• _Directions_
Exact repetition, pictures omitted: give every record below again.

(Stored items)

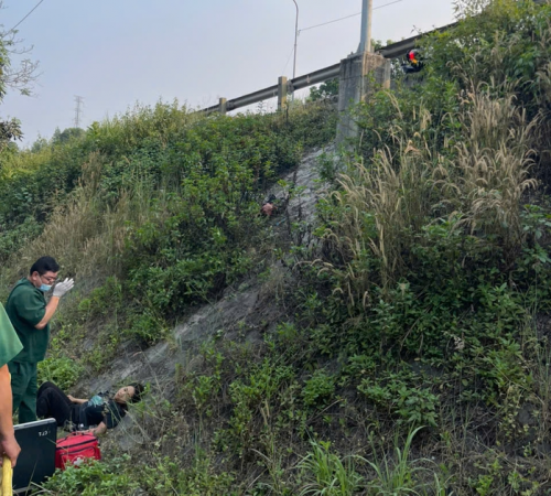 Cú va chạm khiến anh Hoàng và chị Huyền rơi xuống mái ta-luy âm. Hậu quả anh tử vong tại chỗ, chị Huyền bị thương nặng, đang được cấp cứu tại Bệnh viện Trung ương Huế.
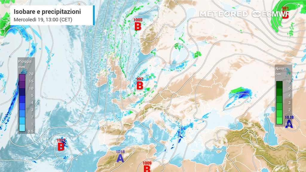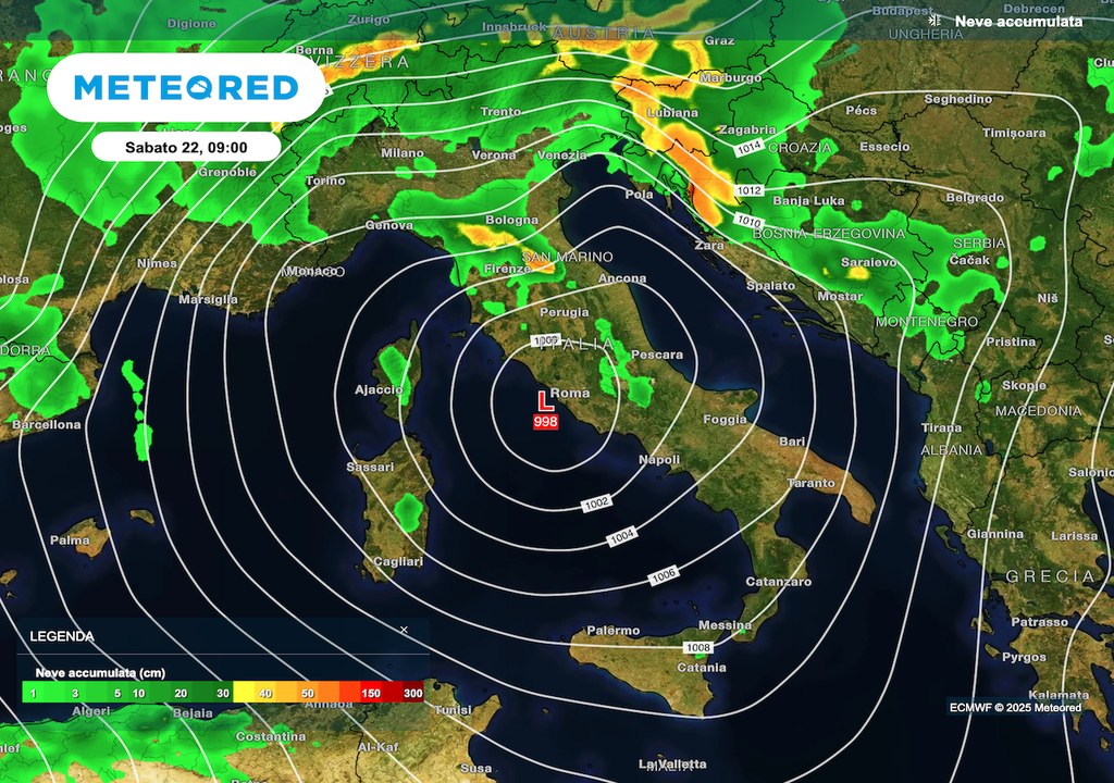 Sono dunque attese altre precipitazioni al Nord e in gran parte del Centro, più intense al Nordovest e versante tirrenico. Rapido abbassamento del limite delle nevicate fino a 600–400 m, localmente più in basso tra Piemonte e Lombardia occidentale. Scarse le possibilità di fiocchi in pianura, ancor meno di una imbiancata, anche se qualche scenario poco probabile non la esclude.
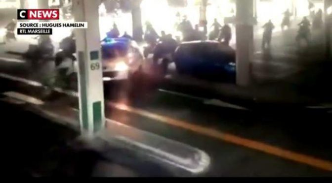 Dopo l’imboscata a colpi di kalachnikov in cui sono cadute giorni fa alcune pattuglie di polizia a Marsiglia, ecco sempre nella stessa città un’auto della polizia che viene scortata fuori da un quartiere islamico da ‘truppe’ in moto:
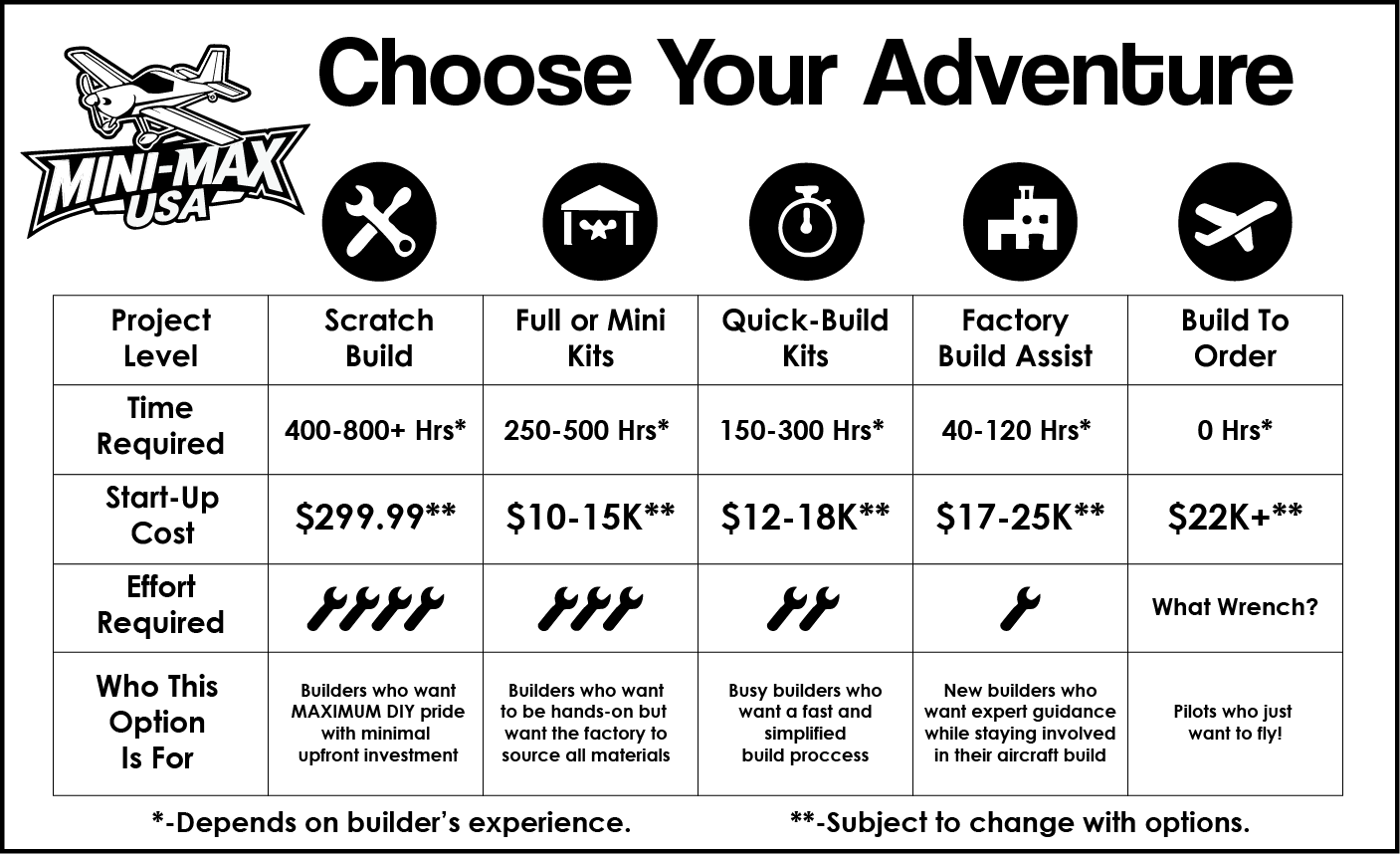 Base Kit Build Hours* | 250–300 | 300–350 | 325–400 | 325–400 | 325–400 | 325–400 |
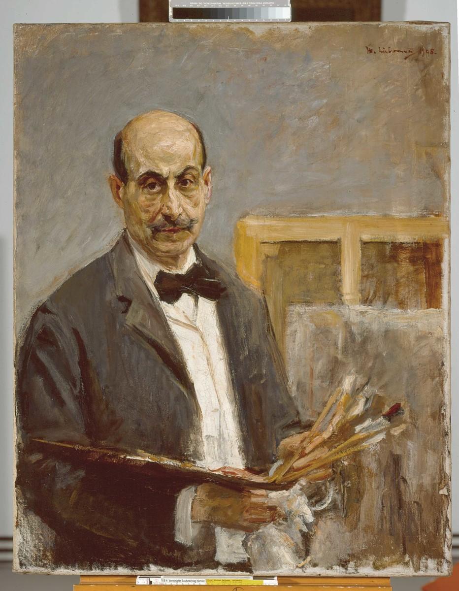 Max Liebermann, Autoportrait aux pinceaux et à la palette, 1908, huile sur toile, 97 x 77 cm, Saarbrücken, Saarlandmuseum, Moderne Galerie. Source : Bildarchiv Saarlandmuseum / Maaß, Raphael, CC BY-NC-ND-4.0.
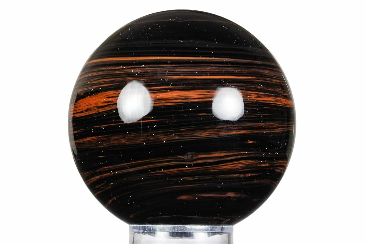 This is a 2.7" wide mahogany obsidian sphere, likely collected from California. This obsidian specimen has been flawlessly polished, revealing the swirls and streaks of red/orange color that give this form of obsidian its name.
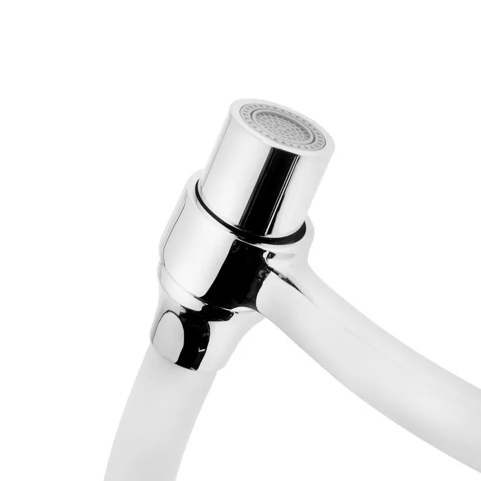 - Гибкий силиконовый излив: Длина 180 мм позволяет легко направлять поток воды. Силикон устойчив к известковому налету — легко очищается.

• _Answer area_
 Cú va chạm khiến anh Hoàng và chị Huyền rơi xuống mái ta-luy âm. Hậu quả anh tử vong tại chỗ, chị Huyền bị thương nặng, đang được cấp cứu tại Bệnh viện Trung ương Huế.
 Sono dunque attese altre precipitazioni al Nord e in gran parte del Centro, più intense al Nordovest e versante tirrenico. Rapido abbassamento del limite delle nevicate fino a 600–400 m, localmente più in basso tra Piemonte e Lombardia occidentale. Scarse le possibilità di fiocchi in pianura, ancor meno di una imbiancata, anche se qualche scenario poco probabile non la esclude.
 Dopo l’imboscata a colpi di kalachnikov in cui sono cadute giorni fa alcune pattuglie di polizia a Marsiglia, ecco sempre nella stessa città un’auto della polizia che viene scortata fuori da un quartiere islamico da ‘truppe’ in moto:
 Base Kit Build Hours* | 250–300 | 300–350 | 325–400 | 325–400 | 325–400 | 325–400 |
 Max Liebermann, Autoportrait aux pinceaux et à la palette, 1908, huile sur toile, 97 x 77 cm, Saarbrücken, Saarlandmuseum, Moderne Galerie. Source : Bildarchiv Saarlandmuseum / Maaß, Raphael, CC BY-NC-ND-4.0.
 This is a 2.7" wide mahogany obsidian sphere, likely collected from California. This obsidian specimen has been flawlessly polished, revealing the swirls and streaks of red/orange color that give this form of obsidian its name.
 - Гибкий силиконовый излив: Длина 180 мм позволяет легко направлять поток воды. Силикон устойчив к известковому налету — легко очищается.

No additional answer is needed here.